= Verendrye National Monument =

Former US national monument in North Dakota

Verendrye National Monument was a federally protected area in the U.S. state of North Dakota from 1917 to 1956. In the latter year it was withdrawn as a national monument. It is located in southwestern Mountrail County, west of the city of New Town. It lies within the Fort Berthold Indian Reservation.

This 250 acre monument was established on June 29, 1917, to commemorate the explorations of Pierre Gaultier de Varennes, sieur de La Vérendrye and his sons in North Dakota and the area of the upper Missouri River. The father was a French-Canadian explorer and fur-trader intent on finding an overland water route to the Western Ocean. Between 1731 and 1737 he built several trading posts between Lake Superior and Lake Winnipeg, assisted by his four sons and a nephew. In 1738 he and son François traveled southwest to what is now North Dakota, arriving in December at a Mandan village a day's journey from the Missouri River. On that trip Vérendrye established two forts, Fort Rouge and Fort La Reine, in what is now Manitoba. Other forts built to the north and west by people under his command created a large area in the west for French traders.
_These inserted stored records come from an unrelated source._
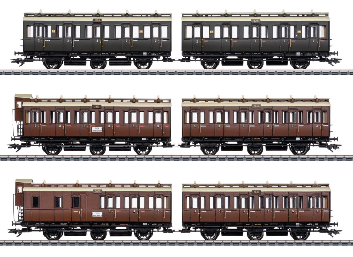 Drei 3-achsige Abteilwagen-Paare preußischer Bauart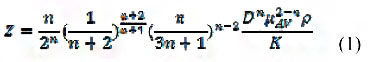 動特性為基礎(chǔ),可以運(yùn)用Z值法來判斷聚合物在圓管中的流態(tài)。判斷冪律流體在圓管中流型的計(jì)算公式如下所示。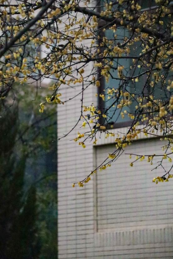 “春雨断桥人不度,小舟撑出柳阴来。”春雨,洗净尘埃,换得一片春色,开了一冬的腊梅被映衬的更加艳丽。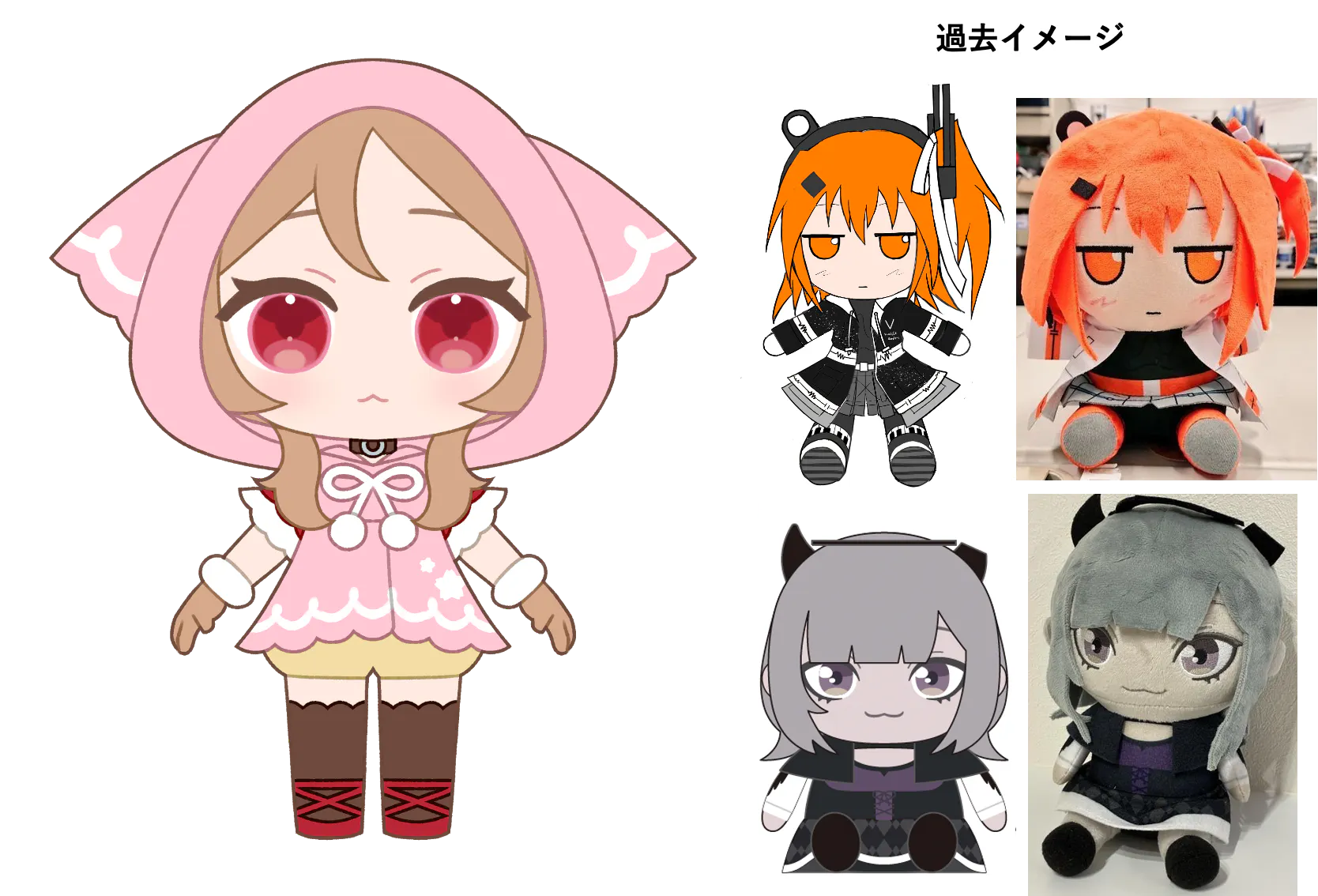 櫻歌ミコのSDキャラデザインを踏襲したぬいぐるみを製作します。お座りポーズで制作予定です。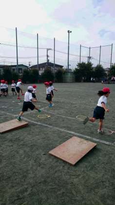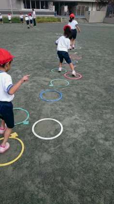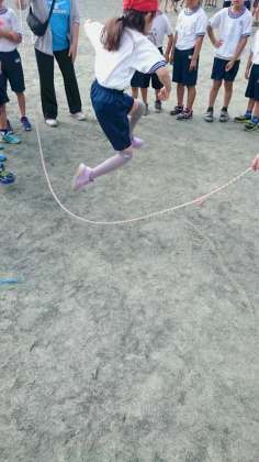 体育の時間の体つくり運動や休み時間の外での道具を使った運動などを通して、子供たちが健やかな身体をつくっていけるように、取り組みをしています。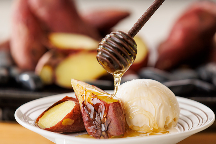 甘みの強い焼き芋とバニラアイスの組み合わせに蜂蜜を掛けて、濃厚な美味しさをお楽しみください。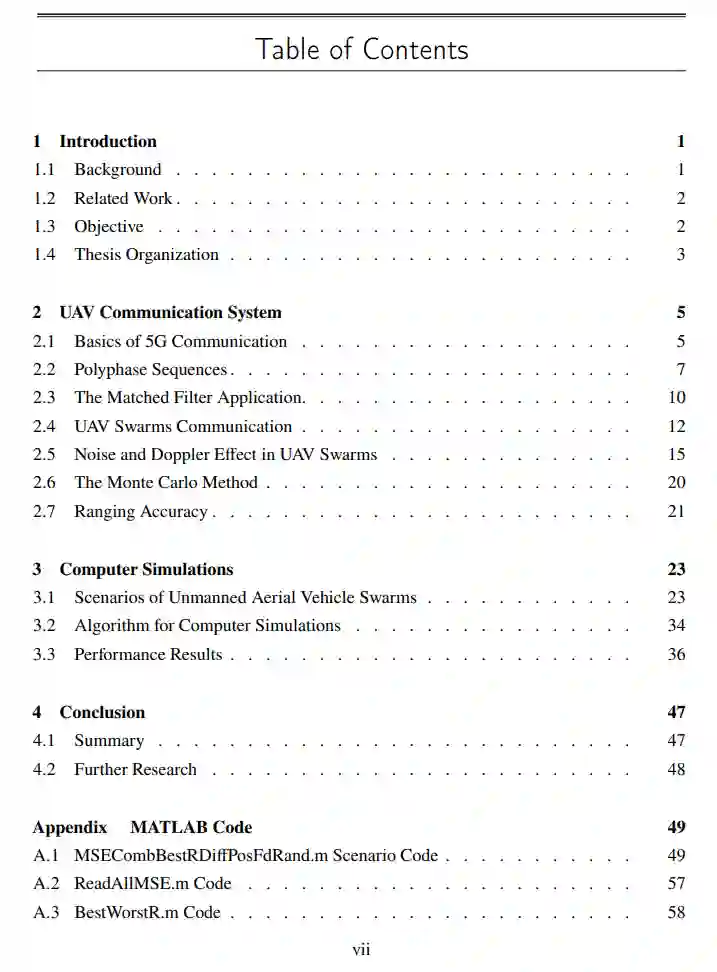 在第二章中,我们介绍了在模拟中应用的数学和方法的理论背景。这个数学和方法背景包括5G的基础知识和ZC序列的特殊性,以及交叉相关作为识别和测距部署在噪声和多普勒影响环境中的无人机群的一种手段的适用性。在第三章中,我们讨论了所模拟的场景及其算法,显示并解释了改变参数的原因,最后是性能结果以及它们是否显示了预期的结果。在第四章的结论中,我们对模拟结果进行了简要的总结和讨论,并提出了一些未来工作的想法。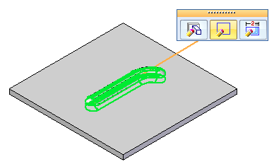 将显示命令条、加强筋方向箭头以及特征轮廓编辑手柄。
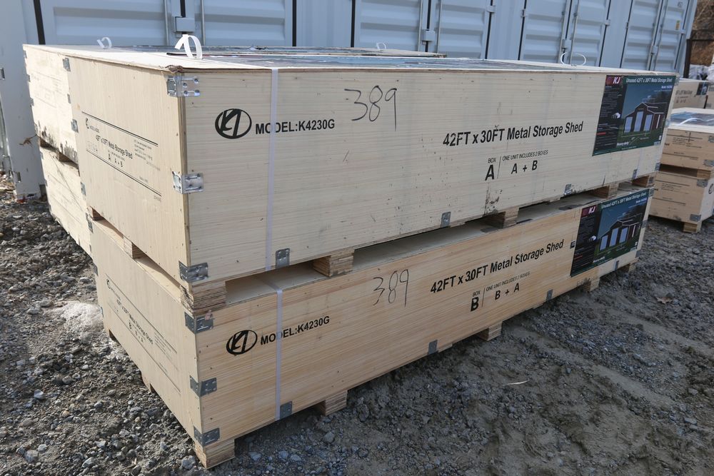 New 2026 Metal Storage Shed 42FT x 30FT Metal Storage Shed model K4230G, in wooden crate.

In 1742 two of his sons (probably Louis-Joseph and François) made another expedition to the Missouri. Because of the difficulty of identifying places and Native American tribes in their reports, there is no certainty as to the route they took or how far they traveled, but they may have been the first European explorers to view the Rocky Mountains. This was more than 60 years before the expedition of Lewis and Clark.

It was on this 1742-43 expedition that the Vérendrye brothers were thought to have camped at Crowhigh Butte (now called Crow Flies High Butte) in North Dakota. This 565 ft high butte dominates the surrounding plains and is an ideal vantage point. In 1917 the state historical society was instrumental in getting the butte and surrounding area proclaimed a national monument. A plaque at the monument reads:

The Verendrye National Monument. Established June 29, 1917. To commemorate discovery of this area in 1742 by the Sons of Verendrye, celebrated French explorer. Crowhigh Mountain was used as an observation station to spy out unknown land farther west. In 1738 the elder Verendrye and one son made a trip to within a day's journey of the Missouri River, and were the first white men to enter what is now North Dakota. This was in the course of a journey from Verendrye's trading post in Manitoba, Canada, in an effort, which was unsuccessful, to reach the western sea by an overland route.

However, later opinion suggested that the site was inaccurately located. On July 30, 1956, the site was withdrawn as a national monument and transferred to the State of North Dakota. Much of the original site has since been flooded by a reservoir (Lake Sakakawea).

Ironically, new research indicates that Crow Flies High Butte may indeed be the site where the Verendryes climbed to view the Little Missouri Valley in 1742.